To better define the relationship between lentivirus infection and lymphoproliferative or inflammatory disease, we studied postmortem specimens of 38 sheep naturally infected with ovine lentivirus (OvLV) and with different clinical manifestations of OvLV-associated disease. Immunohistochemistry, in situ hybridization, and virus isolation were used to localize viral protein, viral RNA, and infectious virus to specific cells and tissues. Viral protein or infectious virus was found in cells morphologically and histochemically compatible with macrophages (M phi s), but only in lung, bone marrow, mammary gland, lymph node, spleen, synovium, brain, and spinal cord, frequently in association with lymphocyte infiltrates. In contrast, viral RNA was found in a variety of cell types, including epithelium, M phi s, and M phi-like cells, and in a wider range of tissues, with or without OvLV-associated lesions. In summary, these findings suggest that in vivo: 1), OvLV can enter a variety of cell types, 2), productive infection is restricted to cells of M phi lineage, and 3), cells expressing viral proteins are limited to specific tissues, those associated with OvLV-induced diseases.

Effect of selected cytokines on the replication of Corynebacterium pseudotuberculosis and ovine lentiviruses in pulmonary macrophages.

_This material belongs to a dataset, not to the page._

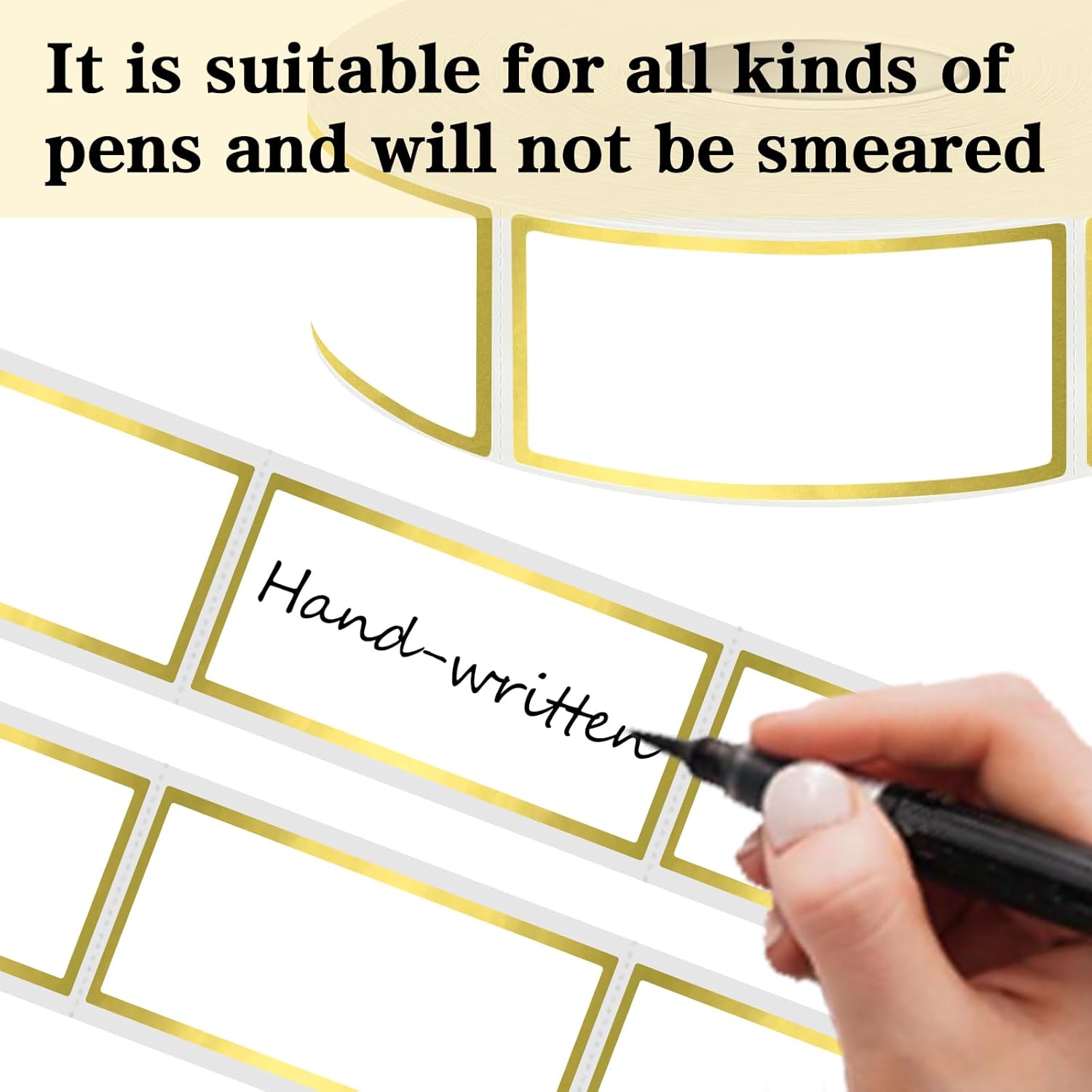 - Packaging: 600 pcs on a roll,Each measures 1” X 2”,Blank and white with gold border

Opportunistic bacterial pathogens that induce monokine secretion by pulmonary alveolar macrophages (PAM) are frequently encountered complicating factors in lentivirus-associated pneumonias in ungulates and man. We examined the effect of selected cytokines on the replication of Corynebacterium pseudotuberculosis and ovine lentivirus (OvLV) in ovine PAM. Recombinant bovine (rBo) IL 1 beta, rBoIL-2, rBo interferon-gamma (IFN gamma) and rBoTNF alpha, alone and in combination at physiological doses had no apparent effect on the extracellular growth of C. pseudotuberculosis, compared with the growth of the pathogen in medium alone. Untreated ovine PAM, derived from bronchoalveolar lavage, were found to substantially reduce, but not eliminate the growth of C. pseudotuberculosis in culture. This bactericidal effect was neither enhanced nor inhibited by pretreatment of PAM with the recombinant bovine cytokines or low doses of LPS that induce monokines. In contrast, addition of rBoTNF alpha or rBoIL-1 beta, at physiological doses, at the initiation of, or on Day 4, after OvLV infection resulted in a significant increase in viral replication in PAM, as measured in an antigen capture assay for OvLV p25, compared with untreated infected cells. This effect was more pronounced with lower levels of infecting OvLV, and, in the case of TNF alpha, was abrogated by preincubation of the cytokine with specific anti-serum. Conversely, in most instances, inclusion of rBoIFN alpha in OvLV-infected PAM cultures resulted in a significant decrease in viral replication. These results suggest that these soluble mediators that are probably secreted in response to C. pseudotuberculosis infection may have little direct effect on the extra- or intracellular survival of the bacteria in the lung, but may modulate lentiviral replication and, by extension, disease expression, in sheep with dual infection.